What was the most difficult step when you made this record? 

Making it in general. The album was mainly done before the confinement. Maybe the whole process thing was the most difficult step: playing against my doubt and demons. I think it’s complicated to make a record today especially when people ask you to go super fast and I realized that having time was the only thing I needed. How do deal with your fear can be a difficult step, so I will say this.

You never stopped making music, next to your solo project you keep collaborating with many people, especially in fashion with Louis Vuitton. Guess that, fashion is strongly connected to your work?

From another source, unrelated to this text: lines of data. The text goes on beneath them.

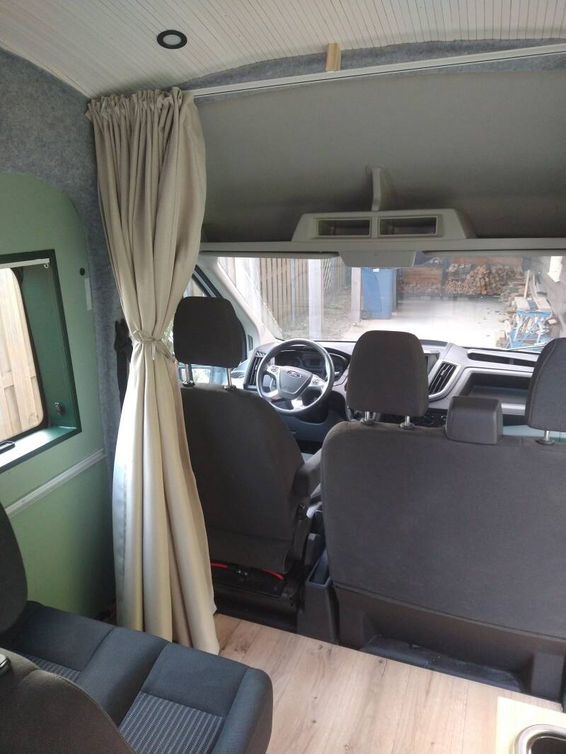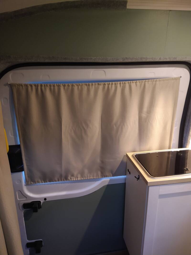 De gordijnen naaide ik samen met mijn moeder. Heel gezellig, maar ook vlot maakten we alle gordijnen op maat. Direct achter de voorstoelen kwamen grote gordijnen die een gezellig huisje maken van de camper voor in de avond. Beide zijramen kregen een klein gordijn, één met een rails in het houten kozijn en één met spandraad direct op het metaal van de zijdeur.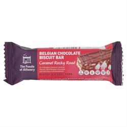 Belgian Chocolate Caramel Rocky Road Biscuit Bar made with our own caramel biscuits and delicious vegan fluffy marshmallows.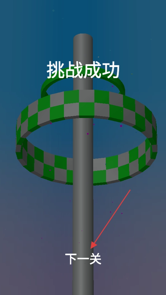 挑战已顺利完成,界面弹出“挑战成功”的提示,点击“下一关”按钮,即可进入全新关卡,继续操控圆环,向更多精彩关卡发起挑战。
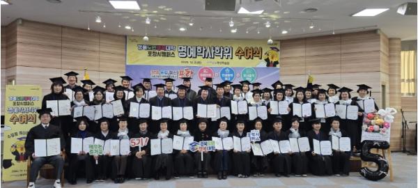[한국제일신문, 김성옥기자] 포항시는 지난 2일 뱃머리평생학습원에서 수료생 54명이 참석한 가운데 ‘2025년 경북도민행복대학 포항시캠퍼스 명예학사학위 수여식’을 열었다.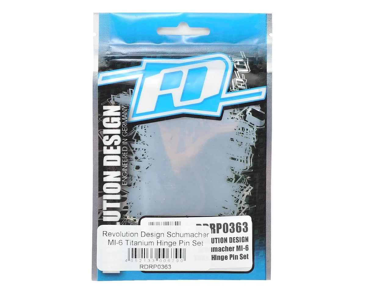 The RDRP MI-6 Titanium Hinge Pin Set includes all eight hinge pins needed to replace the stock parts with high quality titanium upgrades.Â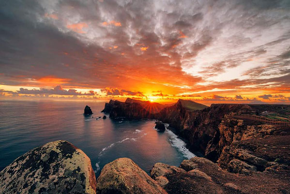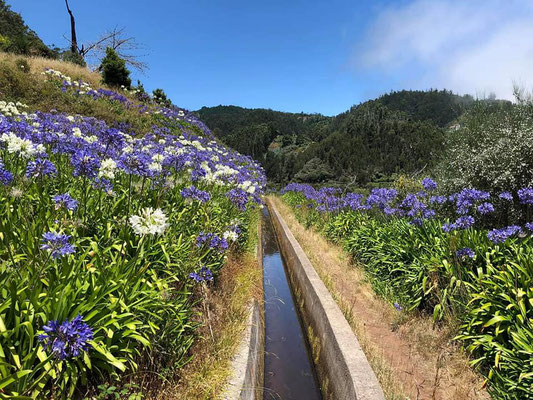 Auf der Straße sieht man kleine Kuhherden, die freilaufend die Hochebene bevölkern. Das Plateau von Paul da Serra liegt auf 1.300 m Höhe und formt im westlichen Teil von Madeira die Trennlinie zwischen Norden und Süden. Diese Levadawanderung führt durch faszinierende Landschaften mit kolossalen Tälern, Wasserfällen, durch endlosen Lorbeer- und Bergwald mit schönen Quellen.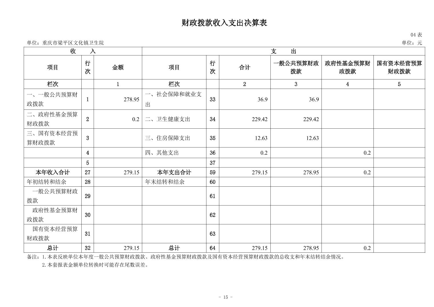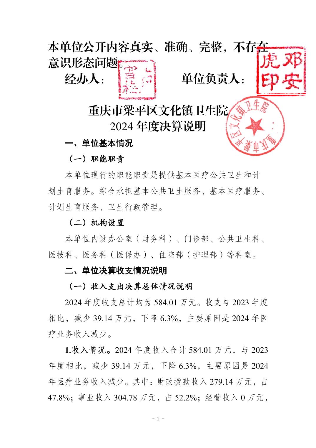 | 標題 | 重慶市梁平區文化鎮衛生院2024年度決算公開說明 |
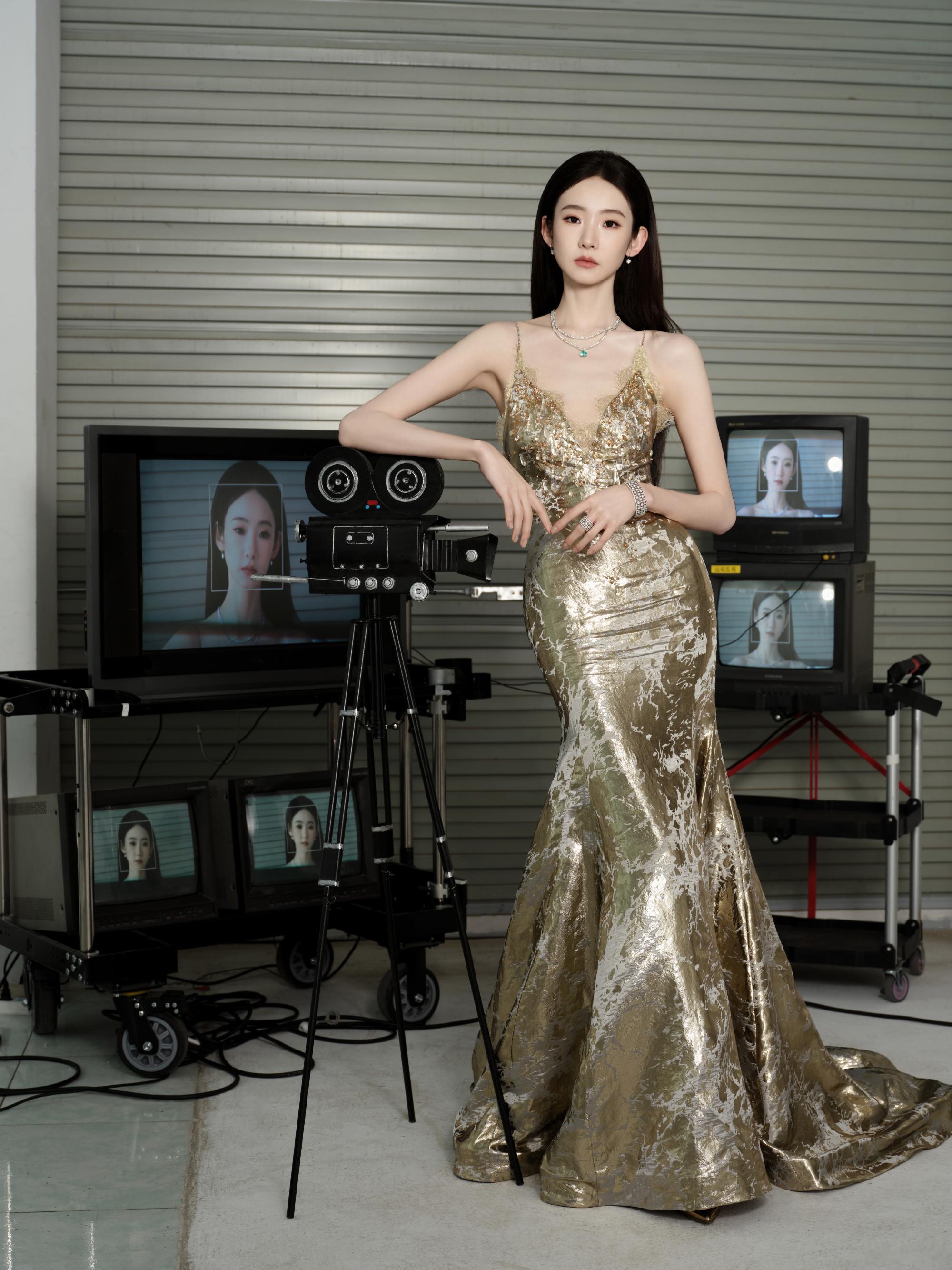 救命!张艺凡这组北影节造型直接美到我心巴上了😭鎏金鱼尾裙也太适合她了吧!清冷的长相+贵气的造型,又纯又欲,腰臀比好到离谱!站在复古摄影机和监视器中间,完全是电影女主本人,每一帧都美到可以直接当壁纸!已经开始疯狂期待北影节红毯现场了,我们凡凡真的越来越美了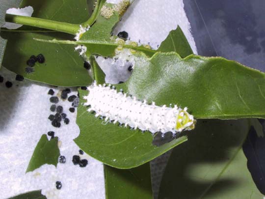 Once they shift into the third instar, they lose the yellowish coloring, and become much more white. I had some problems with disease in this batch. They began to drop off, one by one, and finally all were dead. I've found a source for their native food plant, Ailanthus altissima, and I'll try rearing them again next year on that.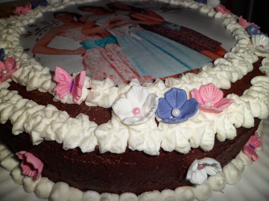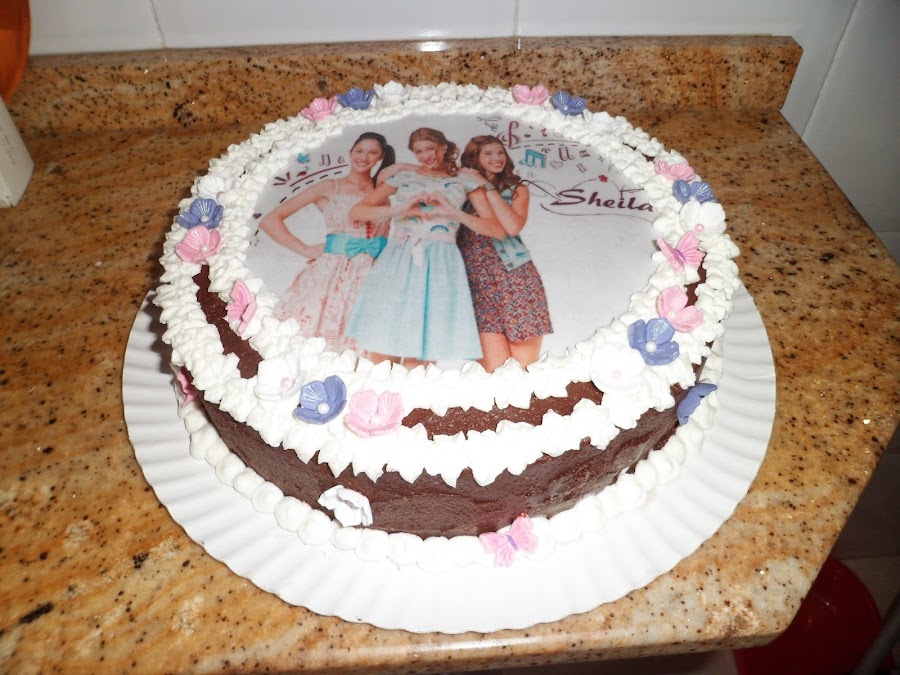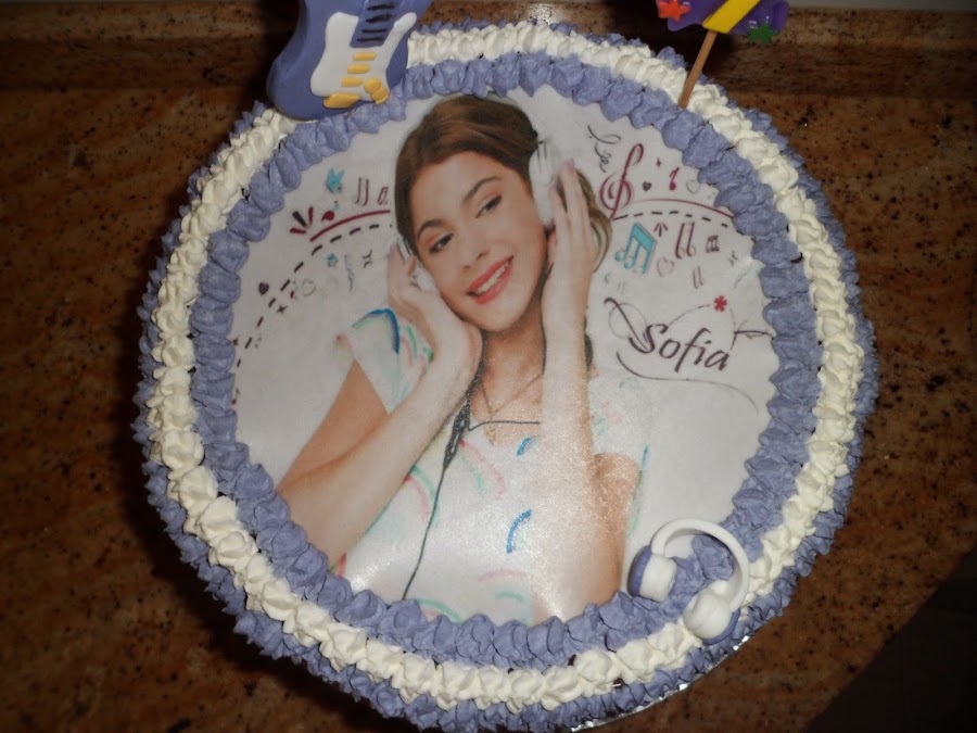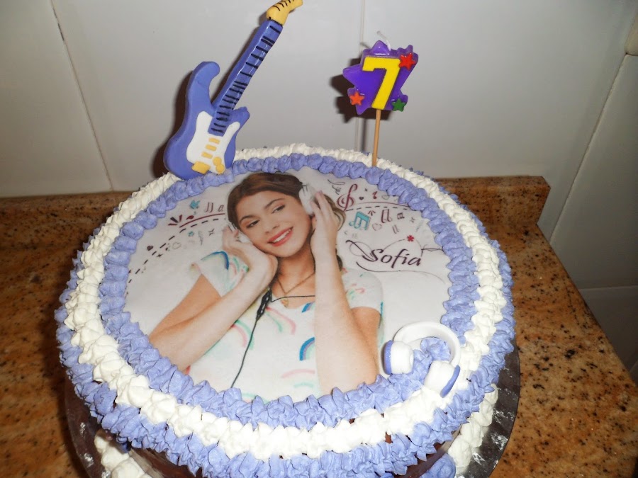 La segunda tarta vino por un cúmulo de sucesos... sólo a mi se me ocurre preguntarle a mi sobrina de que quería la tarta este año (si soy la tita guay!). Pues bien yo de buena fe esperando que me pidiese una Monster High, pues bien resulta que eso esta muy pasado de moda (sigo sin entender las modas de ahora.... a mi toda mi infancia me gustó Chicho Terremoto!) y que ahora lo que más le gustaba eran los personajes de Violetta (se pasó toda la tarde hablándome de un tal León, de Franchesca, Violetta y todos sus amigos...), total, que después de horas y horas, de verme todas las fotos del mundo que existen de esta serie ¡Por fin! dimos con la que ella quería. Pero esto no se quedó ahí ni mucho menos, después de llevar con las negociaciones desde enero, me viene el reto más complicado, y es que le han detectado una serie de alergias y no puede comer casi nada de lo que habíamos hablado...total que me veo con una tarta de Violetta en la que una niña de 7 años quiere mezclar chocolate y crema de limón.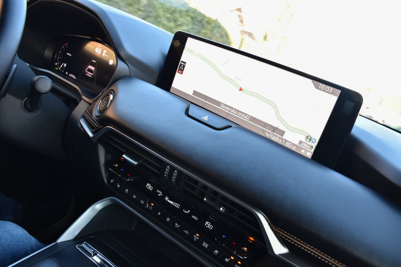 Tudi digitalni del voznikovega delovnega prostora ugaja. Projekcijski zaslon ponuja ravno dovolj informacij in je dobro berljiv, enako velja za digitalno instrumentno ploščo, ki pa vseeno ne ponuja prav veliko možnosti prilagajanja prikaza. Logika upravljanja infozabavnega sistema od voznika zahteva nekaj privajanja, predvsem zaradi prehoda med dotikom in fizičnim upravljanjem. Mazda vas namreč neusmiljeno vzgaja v smislu prometne varnosti - 12,3-palčni zaslon se na dotik odziva izključno takrat, ko avtomobil miruje. Med vožnjo morate za brskanje po menijih uporabiti klasično kombinacijo vrtljivega in potisnega gumba na sredinski konzoli, kar pa v praksi povsem deluje. Grafika na zaslonu je sicer precej enoznačna in zadržana, tu boste zaman iskali visokotehnološki glamur ali najnovejše »bleščave« grafične rešitve, dobite pa pošteno, enostavno in pregledno okolje, ki pa ima v poplavi prekomerno animiranih zaslonov pri tekmecih pravzaprav svoj čar. Navsezadnje brezžična povezava pametnega telefona prek sistemov Apple CarPlay in Android Auto deluje stabilno in povsem brez težav. Induktivna polnilna podloga za polnjenje pametnih mobilnikov je morda za odtenek premajhna. 360-stopinjska kamera je pri pet metrov dolgem vozilu nujna in vsekakor v pomoč, a je njena slika na trenutke čudno popačena. Še posebej je nedorečena t. i. funkcija See-Through-View (pogled »skozi« avtomobil), ki v praksi ne ponuja prave uporabne vrednosti, ob parkiranju pa se trmasto sama vklaplja ravno takrat, ko bi voznik nujno potreboval klasičen pogled na odbijač od zgoraj, prav tako pa avto ne ponuja sistema za samodejno parkiranje, kar je v tem razredu prej izjema kot pravilo.
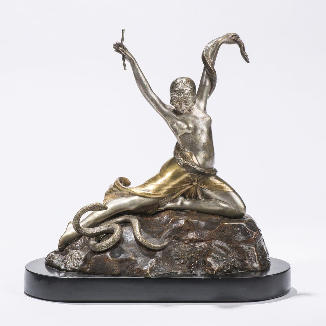 Charmeuse de serpent, bronze à patine argenté et médaille, signature illisible, H 34 cm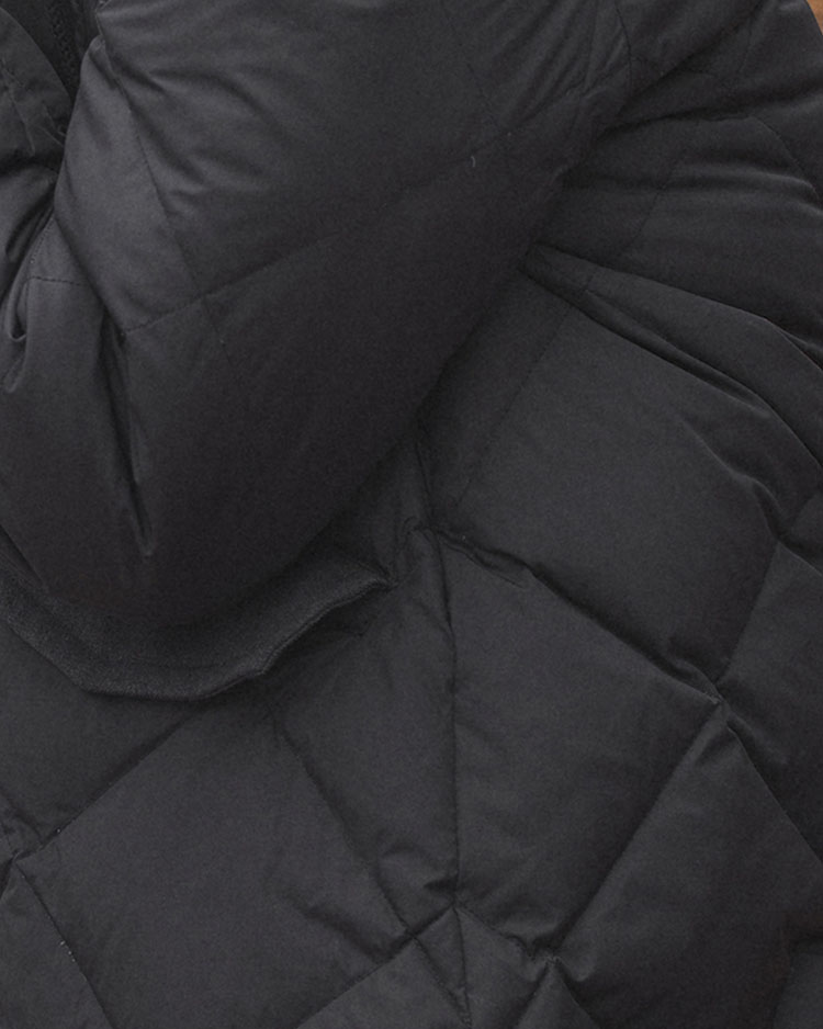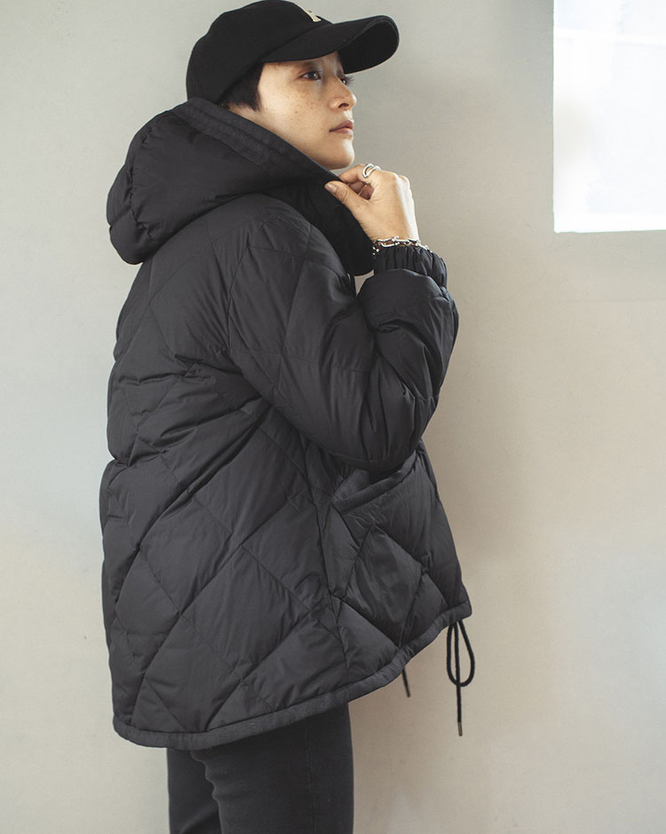 ダウン本体のステッチは、着回ししやすいダイヤ柄を採用。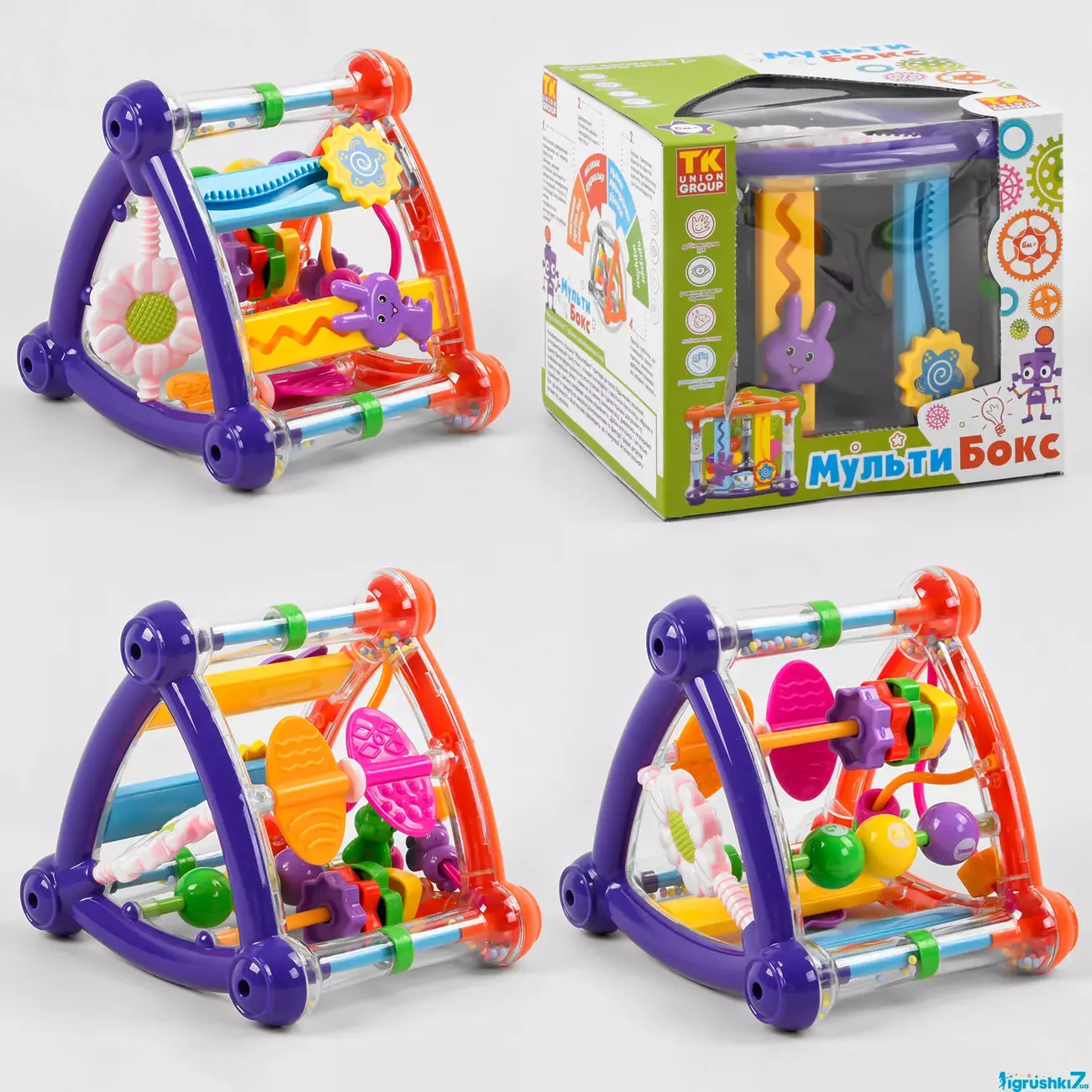 Мультібокс 65590 (12/2) "TK Group", брязкальце, пальчиковий лабіринт, дзеркало, рахунки, тренажер для зап'ясть, в коробці

First of all, I think in general, being a director is something that I have a strong interest and opinion about fashion. It can be 50% of your image at least and sometimes more. You are always attached to an image. I’m a director for almost 20 years now so I need to have a strong interest in all the costumes aspects. On top of that, I have an extra interest in clothes, on a personal level, I think making clothes is amazing, the technicity fascinates me. For more than 10 seasons now, the collaboration with Nicolas Ghesquière is very special. We are deeply closed to each other. We have the same way of thinking, colliding inspirations, skills, textures, and sound. We have common things in our respective work and we understand each other easily. The most exciting aspect is that I truly love what he does, he always shocks me in the beginning and it’s always a good sign because you always have this: “Oh wait! What am I watching?” and then you have this “Oh, now, I get it!” The perception of recognizing the strength of beauty.

So it was natural to ask Nicolas Ghesquière to work on your outfits for this new album campaign? 

Yeah, I mean, we reversed the collaboration. I was like “I have this album coming, do you want to do something?” and he was like “Yes we gonna dressed you up!” He drew me and then we went to the studio. He worked on my body language to define the proper outfit. Now we are working on the stage outfit and all the visuals around this.

And lastly, what does Woodkid want to experiment in the future?

I think it’s all about performance! Going towards a special scenography into a ballet or an opera. I like the contemporary expression form of these immersive arts. Having my music for a ballet or an installation could be a nice creative experimentation!